Problem details
A word-for-word copy of the data, with no images, is the required answer.

Given information

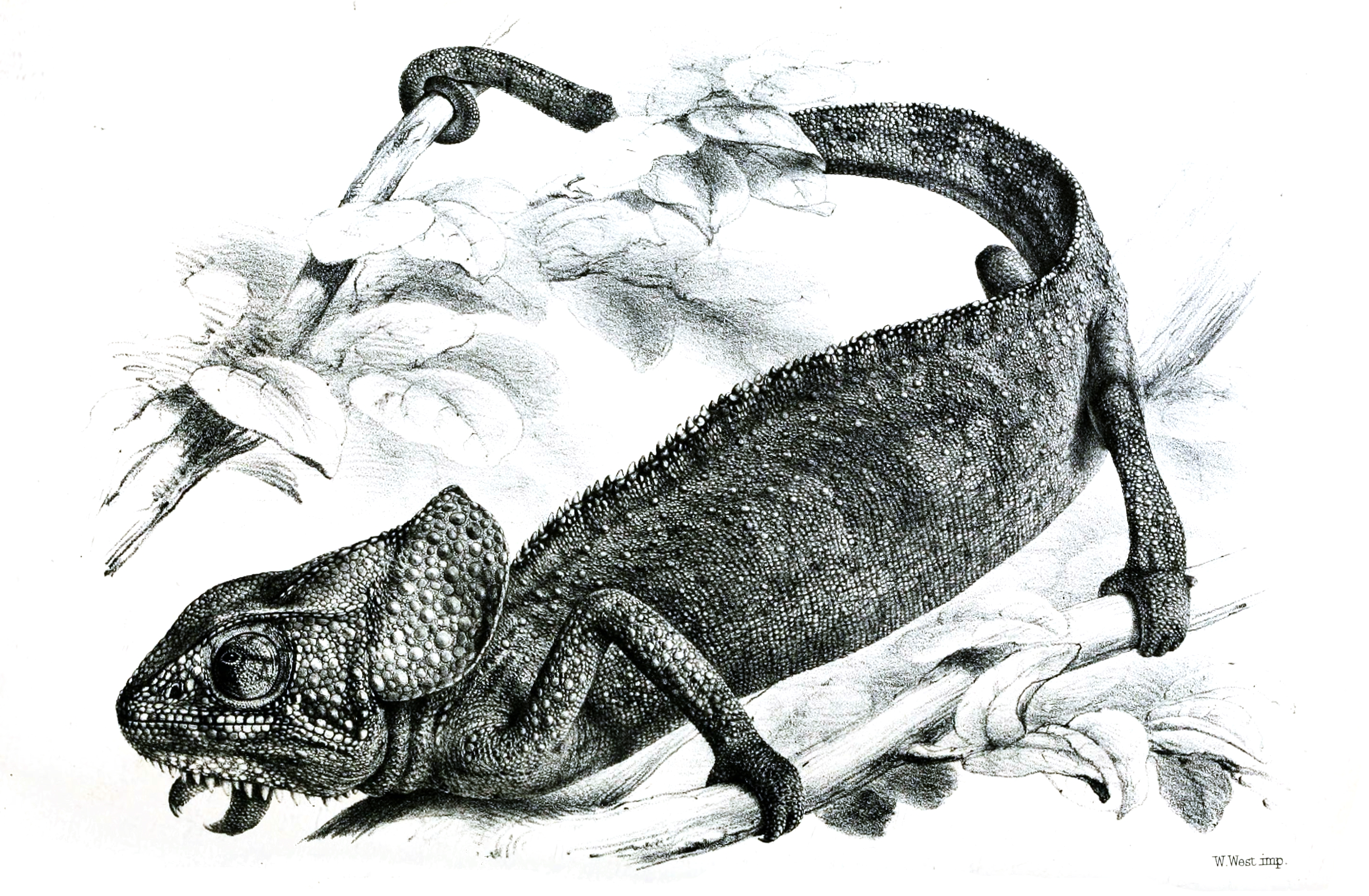 Socotran Chameleon
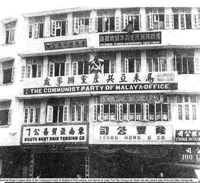 Communist Party of Malaya's office in Kuala Lumpur before the Emergency.
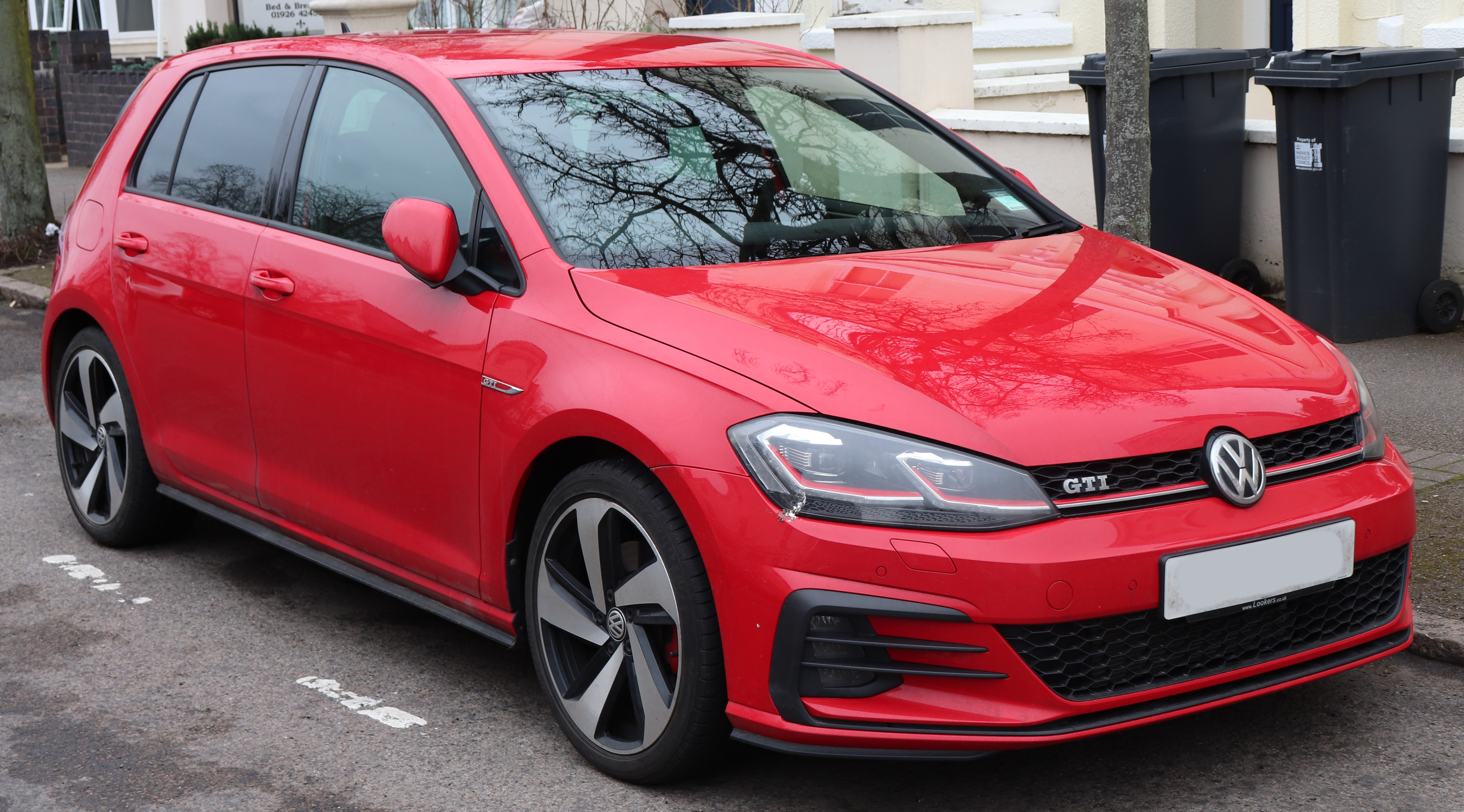 2017 Volkswagen Golf GTi TSi 2.0 Front Taken in Leamington Spa

Answer box
 Socotran Chameleon
 Communist Party of Malaya's office in Kuala Lumpur before the Emergency.
 2017 Volkswagen Golf GTi TSi 2.0 Front Taken in Leamington Spa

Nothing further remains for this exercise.